▸ **Exercise brief**: Every line of the listing belongs in your answer exactly as written; the images do not.

▸ **Dataset content**:

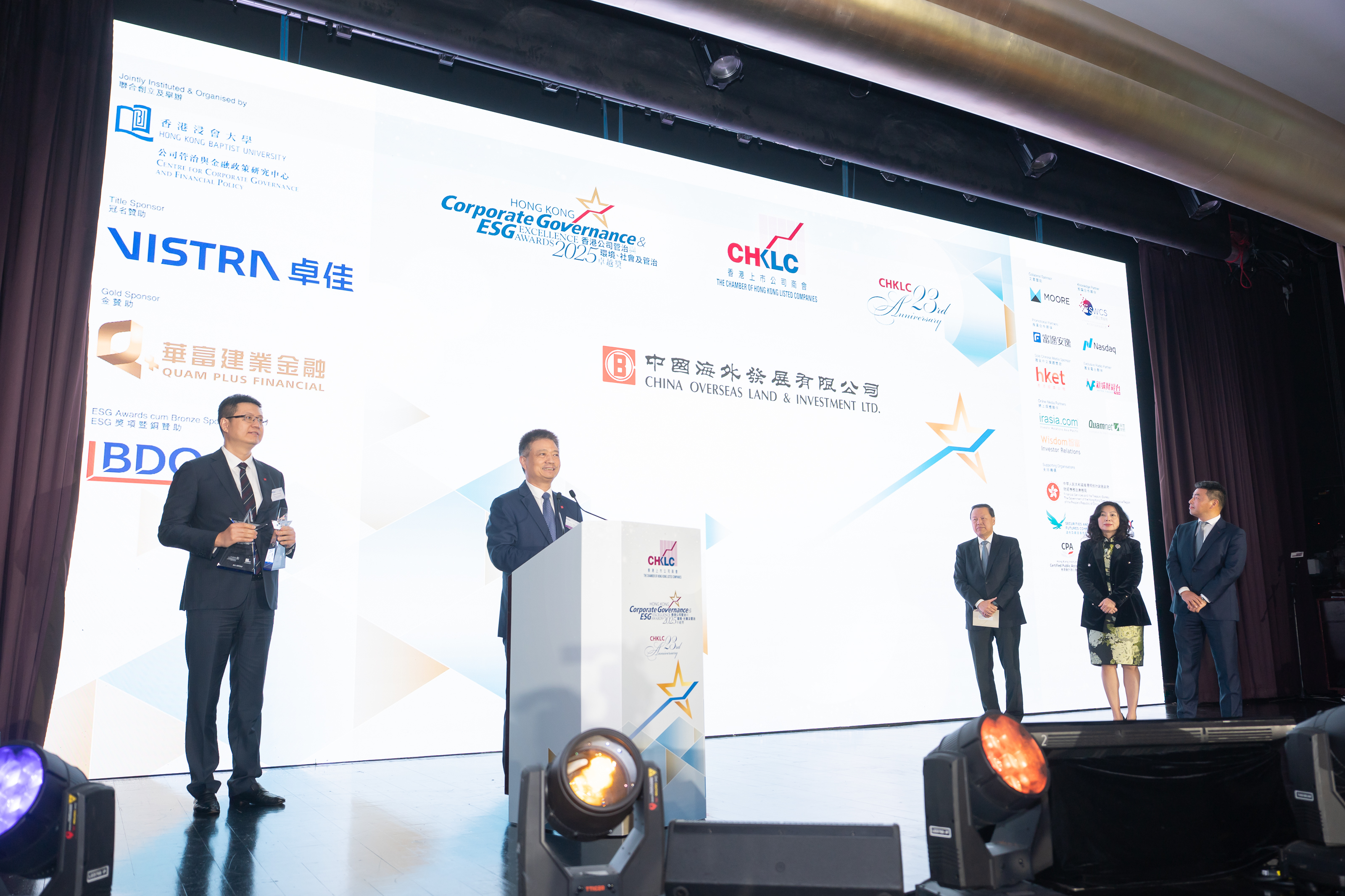 近日,由香港上市公司商會及香港浸會大學公司聯合評選的2025年度“香港公司管治與環境、社會及管治(ESG)卓越獎”頒獎典禮在香港舉行,中國海外發展榮獲恒生指數成分股公司類別“ESG卓越獎”和“公司管治卓越獎”,這是公司首次同時獲得這兩個殊榮,並繼續成為恒生指數成分股中唯一獲得上述殊榮的內房企。中海集團董事長、中國海外發展董事局主席顏建國,中海集團董事、中國海外發展行政總裁張智超出席活動。
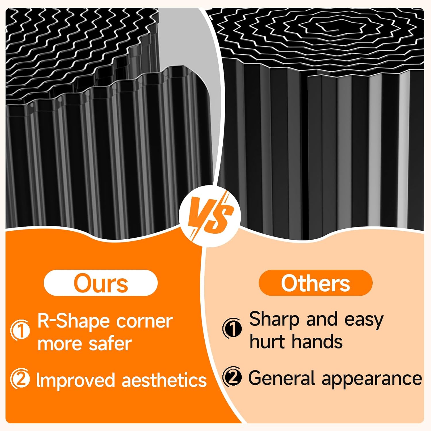 - Clean and Stylish Design Our narrow corrugated metal edge feature rounded R-shaped corners and smooth, rounded, rolled top and bottom edges ,for added security,It not only enhances the aesthetics of your garden, flower bed, or lawn but also ensures a polished and clean look for any outdoor space.
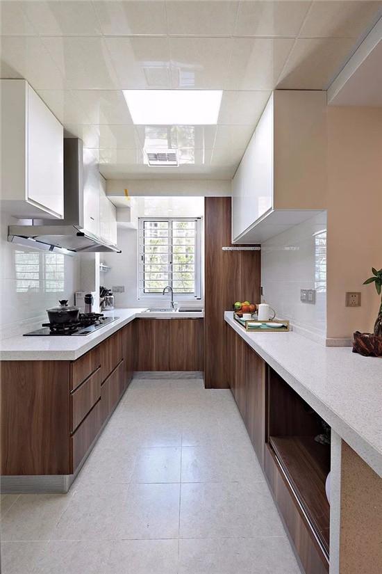 这套新中式的房子把厨房设计成了开放式,白色与木色的橱柜、吊柜让厨房不会太过单调。
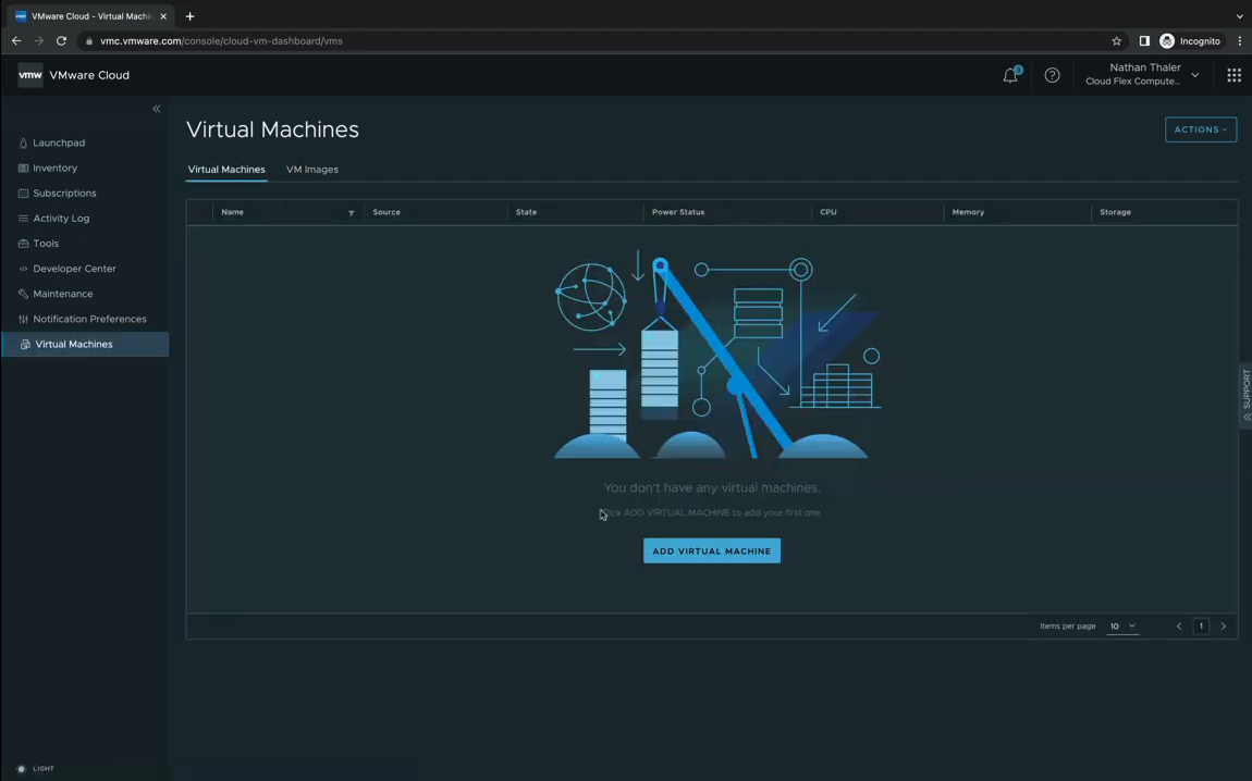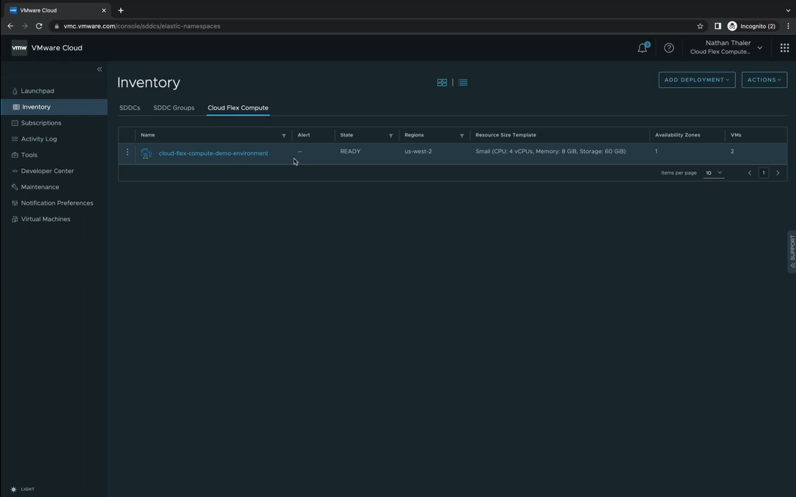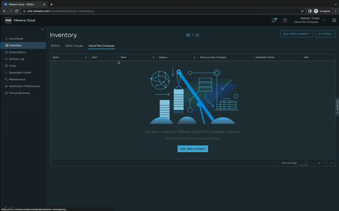 기존에는 SDDC와 SDDC Groups만 있던 Inventory에 Cloud Flex Compute라는 메뉴가 생겼습니다.

▸ **Answer to this exercise**:
 近日,由香港上市公司商會及香港浸會大學公司聯合評選的2025年度“香港公司管治與環境、社會及管治(ESG)卓越獎”頒獎典禮在香港舉行,中國海外發展榮獲恒生指數成分股公司類別“ESG卓越獎”和“公司管治卓越獎”,這是公司首次同時獲得這兩個殊榮,並繼續成為恒生指數成分股中唯一獲得上述殊榮的內房企。中海集團董事長、中國海外發展董事局主席顏建國,中海集團董事、中國海外發展行政總裁張智超出席活動。
 - Clean and Stylish Design Our narrow corrugated metal edge feature rounded R-shaped corners and smooth, rounded, rolled top and bottom edges ,for added security,It not only enhances the aesthetics of your garden, flower bed, or lawn but also ensures a polished and clean look for any outdoor space.
 这套新中式的房子把厨房设计成了开放式,白色与木色的橱柜、吊柜让厨房不会太过单调。
 기존에는 SDDC와 SDDC Groups만 있던 Inventory에 Cloud Flex Compute라는 메뉴가 생겼습니다.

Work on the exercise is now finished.